Other defenses may be available. For example in Arkansas, the price gouging statute provides a specific exception for increased costs. A successful defense might establish that the alleged price increase was “directly attributable” to increased labor or materials costs, or to price increases by suppliers. Similarly, Oklahoma provides a specific exception for increased costs attributable to price increases on a petroleum commodity market or other non-emergency factors. Texas does not explicitly provide such an exception, though increased costs would arguably serve as defense to an allegation of “excessive” prices.
Additionally, the plaintiff in any suit must have the right to sue under the price gouging statute. Some states limit price gouging enforcement to the state’s attorney general. Others provide a private right of action. However, for a private individual to bring such a suit, the plaintiff must have experienced a direct harm from the allegedly illegal conduct. A careful analysis of a private action may reveal that the complainant does not have sufficient grounds to bring a claim.
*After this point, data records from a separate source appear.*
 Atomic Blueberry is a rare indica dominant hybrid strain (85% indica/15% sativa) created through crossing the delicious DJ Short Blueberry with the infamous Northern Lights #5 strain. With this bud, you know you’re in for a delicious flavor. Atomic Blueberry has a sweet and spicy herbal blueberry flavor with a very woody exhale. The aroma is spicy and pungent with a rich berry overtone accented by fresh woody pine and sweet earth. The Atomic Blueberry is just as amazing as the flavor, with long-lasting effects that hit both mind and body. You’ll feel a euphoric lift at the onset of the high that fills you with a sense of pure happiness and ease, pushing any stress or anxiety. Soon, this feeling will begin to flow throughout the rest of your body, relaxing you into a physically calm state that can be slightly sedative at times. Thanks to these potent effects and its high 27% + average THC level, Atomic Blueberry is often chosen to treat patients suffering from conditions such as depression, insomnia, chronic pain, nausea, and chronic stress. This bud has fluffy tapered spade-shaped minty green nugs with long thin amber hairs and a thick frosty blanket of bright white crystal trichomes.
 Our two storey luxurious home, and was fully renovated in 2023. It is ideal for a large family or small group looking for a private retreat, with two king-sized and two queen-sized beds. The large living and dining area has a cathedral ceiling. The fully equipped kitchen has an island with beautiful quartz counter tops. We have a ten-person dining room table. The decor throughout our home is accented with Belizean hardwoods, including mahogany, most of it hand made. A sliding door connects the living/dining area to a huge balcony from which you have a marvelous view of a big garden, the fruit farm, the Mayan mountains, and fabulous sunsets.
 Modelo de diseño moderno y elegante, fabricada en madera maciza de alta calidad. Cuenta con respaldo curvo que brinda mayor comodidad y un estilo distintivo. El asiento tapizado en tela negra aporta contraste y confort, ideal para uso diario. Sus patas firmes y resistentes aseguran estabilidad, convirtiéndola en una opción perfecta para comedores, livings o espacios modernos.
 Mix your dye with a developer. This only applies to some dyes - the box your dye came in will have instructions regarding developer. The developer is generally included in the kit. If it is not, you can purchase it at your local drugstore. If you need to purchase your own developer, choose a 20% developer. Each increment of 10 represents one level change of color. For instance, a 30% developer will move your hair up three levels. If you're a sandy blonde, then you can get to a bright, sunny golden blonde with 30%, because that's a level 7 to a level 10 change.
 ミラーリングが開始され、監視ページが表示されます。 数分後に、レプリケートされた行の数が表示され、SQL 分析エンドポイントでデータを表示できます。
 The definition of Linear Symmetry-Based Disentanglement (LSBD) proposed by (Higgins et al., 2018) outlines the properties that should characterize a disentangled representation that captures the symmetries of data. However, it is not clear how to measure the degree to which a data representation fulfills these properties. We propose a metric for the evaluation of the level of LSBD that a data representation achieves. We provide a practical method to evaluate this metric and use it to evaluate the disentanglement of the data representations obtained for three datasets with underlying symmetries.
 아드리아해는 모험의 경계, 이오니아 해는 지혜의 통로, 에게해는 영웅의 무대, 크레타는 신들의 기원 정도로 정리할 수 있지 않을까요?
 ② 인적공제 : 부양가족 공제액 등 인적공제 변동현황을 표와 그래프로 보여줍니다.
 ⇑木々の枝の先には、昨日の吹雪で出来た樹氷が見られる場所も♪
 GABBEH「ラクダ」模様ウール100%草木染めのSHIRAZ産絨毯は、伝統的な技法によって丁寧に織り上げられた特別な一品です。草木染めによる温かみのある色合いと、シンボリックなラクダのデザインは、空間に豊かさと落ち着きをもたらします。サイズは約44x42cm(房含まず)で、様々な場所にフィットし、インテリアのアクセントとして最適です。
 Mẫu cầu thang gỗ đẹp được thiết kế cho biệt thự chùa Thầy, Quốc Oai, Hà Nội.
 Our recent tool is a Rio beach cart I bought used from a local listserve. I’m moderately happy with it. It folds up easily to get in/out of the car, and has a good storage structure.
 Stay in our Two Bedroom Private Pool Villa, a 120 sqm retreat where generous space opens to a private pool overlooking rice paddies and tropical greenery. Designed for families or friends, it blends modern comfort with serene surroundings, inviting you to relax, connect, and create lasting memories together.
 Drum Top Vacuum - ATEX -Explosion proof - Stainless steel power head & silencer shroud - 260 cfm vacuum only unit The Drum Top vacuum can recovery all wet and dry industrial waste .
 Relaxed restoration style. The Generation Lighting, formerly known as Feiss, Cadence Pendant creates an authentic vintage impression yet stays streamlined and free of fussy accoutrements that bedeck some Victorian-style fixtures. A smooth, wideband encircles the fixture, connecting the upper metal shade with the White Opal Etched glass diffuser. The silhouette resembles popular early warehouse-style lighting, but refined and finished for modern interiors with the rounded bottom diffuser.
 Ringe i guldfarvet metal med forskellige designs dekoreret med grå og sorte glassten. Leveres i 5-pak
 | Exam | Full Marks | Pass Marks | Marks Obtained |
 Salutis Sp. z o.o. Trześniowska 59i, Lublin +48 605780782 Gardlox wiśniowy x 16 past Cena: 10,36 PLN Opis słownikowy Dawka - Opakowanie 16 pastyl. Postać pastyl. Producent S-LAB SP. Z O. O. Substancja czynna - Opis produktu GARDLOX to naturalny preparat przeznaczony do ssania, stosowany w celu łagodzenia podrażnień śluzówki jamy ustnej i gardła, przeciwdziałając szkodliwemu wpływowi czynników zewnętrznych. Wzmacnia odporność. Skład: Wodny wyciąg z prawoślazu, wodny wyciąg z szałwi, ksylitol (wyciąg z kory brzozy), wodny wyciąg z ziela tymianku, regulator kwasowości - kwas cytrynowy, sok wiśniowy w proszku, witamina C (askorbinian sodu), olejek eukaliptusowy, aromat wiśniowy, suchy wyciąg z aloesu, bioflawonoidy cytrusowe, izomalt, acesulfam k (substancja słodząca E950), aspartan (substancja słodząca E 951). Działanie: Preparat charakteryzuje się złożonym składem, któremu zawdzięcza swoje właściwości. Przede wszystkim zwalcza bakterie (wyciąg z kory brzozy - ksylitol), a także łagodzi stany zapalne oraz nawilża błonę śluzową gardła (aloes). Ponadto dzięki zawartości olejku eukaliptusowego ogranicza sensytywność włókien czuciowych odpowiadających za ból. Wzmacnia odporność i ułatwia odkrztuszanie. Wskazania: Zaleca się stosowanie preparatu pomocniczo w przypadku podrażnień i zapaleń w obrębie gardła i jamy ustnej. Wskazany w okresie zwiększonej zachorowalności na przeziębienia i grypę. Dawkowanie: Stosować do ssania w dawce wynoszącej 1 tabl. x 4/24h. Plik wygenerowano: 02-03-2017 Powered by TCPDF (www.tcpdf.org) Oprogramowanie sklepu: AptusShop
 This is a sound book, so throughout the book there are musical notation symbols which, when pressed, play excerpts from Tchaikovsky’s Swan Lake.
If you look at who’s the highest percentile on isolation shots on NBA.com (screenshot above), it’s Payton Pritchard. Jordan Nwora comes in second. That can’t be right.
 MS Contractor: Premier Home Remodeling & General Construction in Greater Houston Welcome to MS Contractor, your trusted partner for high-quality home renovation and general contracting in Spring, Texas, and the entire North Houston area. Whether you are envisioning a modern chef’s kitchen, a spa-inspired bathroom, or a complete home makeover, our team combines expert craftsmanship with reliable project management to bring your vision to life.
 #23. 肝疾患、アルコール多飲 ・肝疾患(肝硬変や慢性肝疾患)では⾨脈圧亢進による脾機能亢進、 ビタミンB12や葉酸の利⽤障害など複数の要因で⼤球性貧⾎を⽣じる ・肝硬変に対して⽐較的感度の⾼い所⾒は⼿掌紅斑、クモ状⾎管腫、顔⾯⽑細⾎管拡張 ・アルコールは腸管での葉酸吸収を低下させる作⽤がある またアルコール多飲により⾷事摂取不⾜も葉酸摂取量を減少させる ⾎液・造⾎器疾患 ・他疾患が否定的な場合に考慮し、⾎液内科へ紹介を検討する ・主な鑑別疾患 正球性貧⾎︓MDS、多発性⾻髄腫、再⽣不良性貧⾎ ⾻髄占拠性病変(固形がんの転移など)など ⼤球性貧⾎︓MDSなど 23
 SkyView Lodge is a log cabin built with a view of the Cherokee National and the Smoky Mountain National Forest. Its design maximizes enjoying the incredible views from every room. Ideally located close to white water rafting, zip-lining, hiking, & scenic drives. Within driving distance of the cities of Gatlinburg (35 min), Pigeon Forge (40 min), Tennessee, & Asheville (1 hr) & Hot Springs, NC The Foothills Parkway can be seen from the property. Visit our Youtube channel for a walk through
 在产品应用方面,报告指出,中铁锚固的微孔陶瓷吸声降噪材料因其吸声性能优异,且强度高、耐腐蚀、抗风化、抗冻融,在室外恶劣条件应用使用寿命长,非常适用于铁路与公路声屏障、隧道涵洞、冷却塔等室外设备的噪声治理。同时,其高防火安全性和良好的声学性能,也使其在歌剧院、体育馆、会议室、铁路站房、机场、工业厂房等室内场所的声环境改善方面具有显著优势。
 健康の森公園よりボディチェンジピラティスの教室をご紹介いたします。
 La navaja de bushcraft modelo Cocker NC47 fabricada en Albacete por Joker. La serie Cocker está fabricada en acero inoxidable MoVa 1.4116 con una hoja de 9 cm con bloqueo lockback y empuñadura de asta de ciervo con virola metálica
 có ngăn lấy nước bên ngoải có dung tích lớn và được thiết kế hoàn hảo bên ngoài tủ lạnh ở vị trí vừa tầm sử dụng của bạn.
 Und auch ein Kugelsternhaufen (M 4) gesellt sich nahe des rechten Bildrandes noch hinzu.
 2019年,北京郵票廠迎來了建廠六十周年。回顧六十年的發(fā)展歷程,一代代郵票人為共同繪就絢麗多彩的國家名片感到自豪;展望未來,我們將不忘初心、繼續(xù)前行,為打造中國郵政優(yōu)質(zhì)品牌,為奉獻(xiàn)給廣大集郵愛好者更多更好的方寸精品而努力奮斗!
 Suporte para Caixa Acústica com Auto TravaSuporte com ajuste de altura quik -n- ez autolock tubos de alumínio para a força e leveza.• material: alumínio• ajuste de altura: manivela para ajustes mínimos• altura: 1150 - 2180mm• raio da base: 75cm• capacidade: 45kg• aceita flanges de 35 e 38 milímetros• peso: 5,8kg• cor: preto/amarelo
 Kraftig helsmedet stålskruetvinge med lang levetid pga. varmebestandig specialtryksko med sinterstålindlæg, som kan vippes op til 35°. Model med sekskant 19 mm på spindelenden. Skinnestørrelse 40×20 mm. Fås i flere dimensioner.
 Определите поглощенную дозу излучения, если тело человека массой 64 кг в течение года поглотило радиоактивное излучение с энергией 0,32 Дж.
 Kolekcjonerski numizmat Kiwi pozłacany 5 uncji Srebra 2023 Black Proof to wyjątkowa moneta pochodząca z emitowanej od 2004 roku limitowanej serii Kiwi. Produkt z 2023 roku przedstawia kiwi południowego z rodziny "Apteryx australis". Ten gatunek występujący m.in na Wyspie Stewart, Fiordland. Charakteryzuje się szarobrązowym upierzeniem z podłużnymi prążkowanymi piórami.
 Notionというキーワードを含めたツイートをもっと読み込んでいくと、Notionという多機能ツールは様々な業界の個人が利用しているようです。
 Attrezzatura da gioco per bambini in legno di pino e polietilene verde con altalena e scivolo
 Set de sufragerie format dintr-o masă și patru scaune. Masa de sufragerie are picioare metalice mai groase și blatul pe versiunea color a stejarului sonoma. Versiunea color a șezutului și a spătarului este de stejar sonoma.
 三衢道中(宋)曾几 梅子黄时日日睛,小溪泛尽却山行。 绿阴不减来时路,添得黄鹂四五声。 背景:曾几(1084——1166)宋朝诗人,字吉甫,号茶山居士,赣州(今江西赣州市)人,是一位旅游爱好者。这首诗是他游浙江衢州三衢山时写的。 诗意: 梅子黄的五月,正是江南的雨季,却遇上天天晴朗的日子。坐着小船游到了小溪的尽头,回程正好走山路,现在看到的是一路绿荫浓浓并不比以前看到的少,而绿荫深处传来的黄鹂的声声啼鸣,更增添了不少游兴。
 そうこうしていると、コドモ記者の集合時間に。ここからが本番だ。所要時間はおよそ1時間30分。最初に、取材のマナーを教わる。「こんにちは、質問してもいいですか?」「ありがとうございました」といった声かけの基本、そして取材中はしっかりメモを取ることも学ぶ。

When facing a price gouging suit, companies should be wary of claims that a simple price increase imposes liability. With multiple factors at play in pricing calculations and the availability of defenses, many price increases remain permissible. Companies at risk of a price gouging claims should consider the extent to which their products or services may be covered by a state’s pricing restrictions along with and the availability of potential justifications or defenses for price increases.
Price Gouging Compliance: guidelines for navigating compliance with state price gouging rules
Identify every state in which a business sells. Be over-inclusive, consider states into which products or services or sold from, and also include states they are sold to. States often assert expansive jurisdiction, even for product sold free-on-board to a receiving party outside the state, if the impact in downstream prices occurs inside the state.
Track the requirements, price caps, or other controls, and your products are services that may be covered for each.
Identify the “baseline” price at the start of the relevant declaration of the emergency. Maintain a record of price increases and fluctuations and the basis for any pricing movements.
Develop a strategy to respond to any inquiries about possible price gouging.
Monitor the continuing and evolving requirements from state governors; executive orders continue to be issued that change and add to the coverage and requirements of state price gouging restrictions.
Goods that are priced based on an index may not be specifically exempted from price gouging rules, so sellers should be cognizant of price increases not directly attributable to increased costs.
Any inquiry from a state attorney general’s offices is a serious matter that can have extensive risk, including expense to respond, reputational risk, and penalties, as well as possible subsequent civil suits by parties at all levels in the supply chain that may potentially allege overcharges now or even after the crisis subsides and the restrictions are lifted.
Consider conducting a “price gouging assessment” using internal or external legal and sales functions working as a unified team, and providing a deliverable that can be used across the relevant business functions to address price gouging risk.